→ **Goal of the exercise**
Drop every picture, then transcribe the remaining data exactly.

→ **Dataset content**
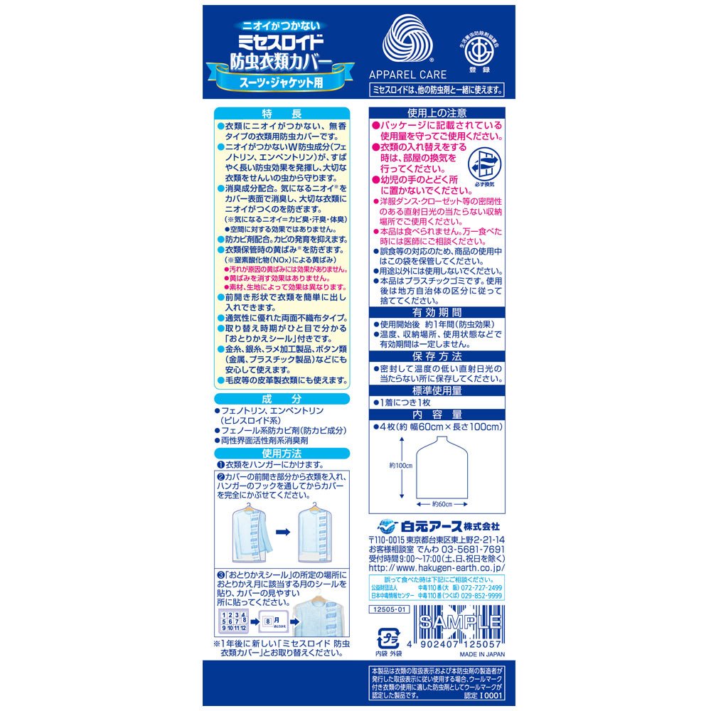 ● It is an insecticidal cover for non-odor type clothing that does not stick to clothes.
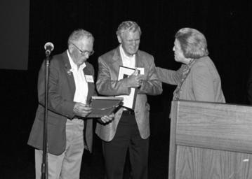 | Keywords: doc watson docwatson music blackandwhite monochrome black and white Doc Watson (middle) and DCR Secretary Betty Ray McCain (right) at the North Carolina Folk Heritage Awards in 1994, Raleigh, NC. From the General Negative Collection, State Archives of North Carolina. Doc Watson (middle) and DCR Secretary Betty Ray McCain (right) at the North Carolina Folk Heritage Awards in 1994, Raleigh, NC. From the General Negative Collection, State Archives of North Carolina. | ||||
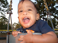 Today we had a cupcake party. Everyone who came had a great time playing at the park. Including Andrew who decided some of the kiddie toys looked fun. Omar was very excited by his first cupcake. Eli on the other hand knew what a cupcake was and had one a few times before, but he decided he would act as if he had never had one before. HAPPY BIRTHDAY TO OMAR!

→ **Task answer**
 ● It is an insecticidal cover for non-odor type clothing that does not stick to clothes.
 | Keywords: doc watson docwatson music blackandwhite monochrome black and white Doc Watson (middle) and DCR Secretary Betty Ray McCain (right) at the North Carolina Folk Heritage Awards in 1994, Raleigh, NC. From the General Negative Collection, State Archives of North Carolina. Doc Watson (middle) and DCR Secretary Betty Ray McCain (right) at the North Carolina Folk Heritage Awards in 1994, Raleigh, NC. From the General Negative Collection, State Archives of North Carolina. | ||||
 Today we had a cupcake party. Everyone who came had a great time playing at the park. Including Andrew who decided some of the kiddie toys looked fun. Omar was very excited by his first cupcake. Eli on the other hand knew what a cupcake was and had one a few times before, but he decided he would act as if he had never had one before. HAPPY BIRTHDAY TO OMAR!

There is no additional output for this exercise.